Much to do before Christmas
December 5, 2006 2:27 PM   Subscribe

Who prints the nicest editions of individual Shakespeare plays?

I want to get my ex (with whom I am good friends, miraculously) a copy of "Much Ado About Nothing" for Christmas - she *is* Beatrice.

Where might I find a really nice edition?

Additionally, any suggestions for further, tied-in gifts?

Thanks very much.
posted by godawful to Media & Arts (10 answers total)
Best answer: Oxford prints a very nice set of Shakespeare which is broken into single-play volumes, which you could probably find. It's gray and clothbound, and has the benefit of being one of the best versions of the text that I can find, with unobtrusive, helpful commentary.
posted by koeselitz at 2:41 PM on December 5, 2006

If you'r talking paperbacks, then I really love the Arden Shakespeare edition of any play because I think the footnotes are great in the Arden. If you are talking hard back . . . apparently they are a little pricey. There is, of course, the DVD, if she likes the Branagh version; a potted plant to hide behind; a lute; a book of bad poetry; masks and/or disguises; witty repartee.

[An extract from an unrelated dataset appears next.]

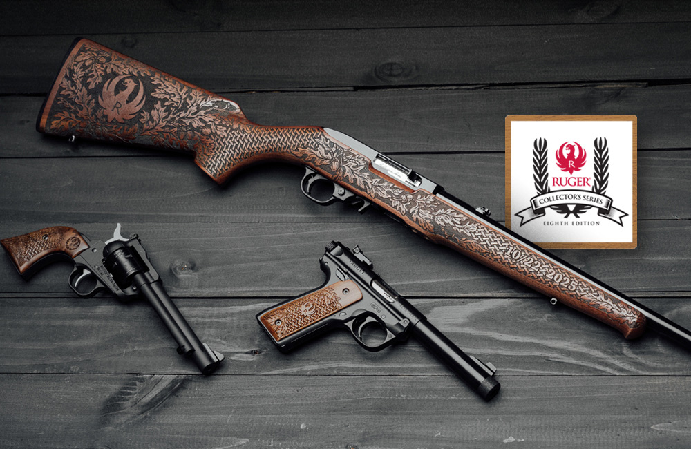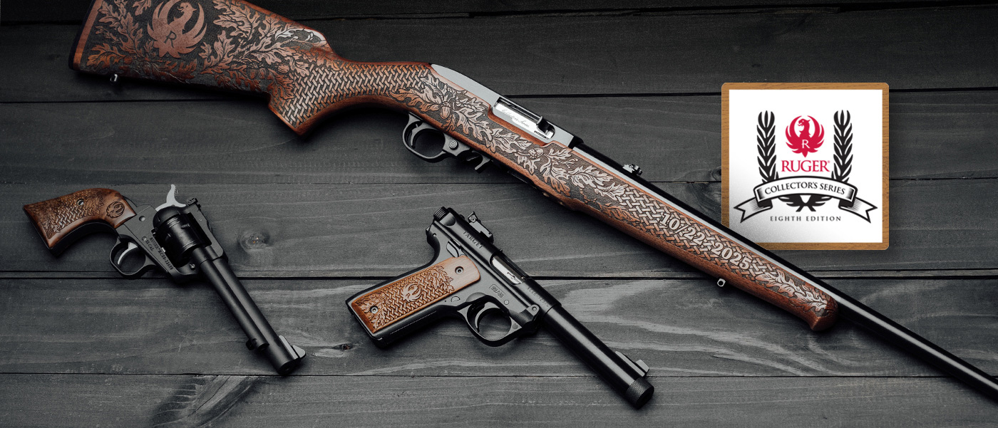 Ruger Firearms introduced the 10/22® Collector's Series in September 2014, with the 50th Anniversary of the 10/22. Over the years, the Ruger Collector's Series has produced seven special edition 10/22 rifles, giving collectors and enthusiasts the opportunity to own a unique, limited run rifle. This year, we're excited to announce another edition of the Collector's Series, but it's not the same series you have come to expect. The eighth edition of the Ruger Collector's Series features three models – a 10/22 Sporter, a Mark IV™ 22/45™ pistol and a Super Wrangler® revolver.

It's sort of easier to do just "Shakespeare related" gifts, like this jewelry, which I think is fun.

For what it's worth, I think putting this kind of effort and thought in will win you points even if the gifts are weird.
posted by Medieval Maven at 2:46 PM on December 5, 2006

The Oxford Shakespeare series are very good if she's interested in the play. They're very detailed, have hundreds of footnotes about the historical significance of some words, the changing interpretations of others, etc. If she is going to be in the play, or wanted to learn more about it, then Oxford is the way to go.

If you just want one that looks nice though, and she already knows the play, then I guess it'd come down to whether you think she'd prefer a nice serious leather bound one, or a pretty and colourful illustrated one.
posted by twirlypen at 2:50 PM on December 5, 2006

What do you mean by "nice"? Do you mean "lovely to look at"? Or do you mean "useful"? Or do you mean both? Or neither? "Nice" is a poor adjective to describe what you're after.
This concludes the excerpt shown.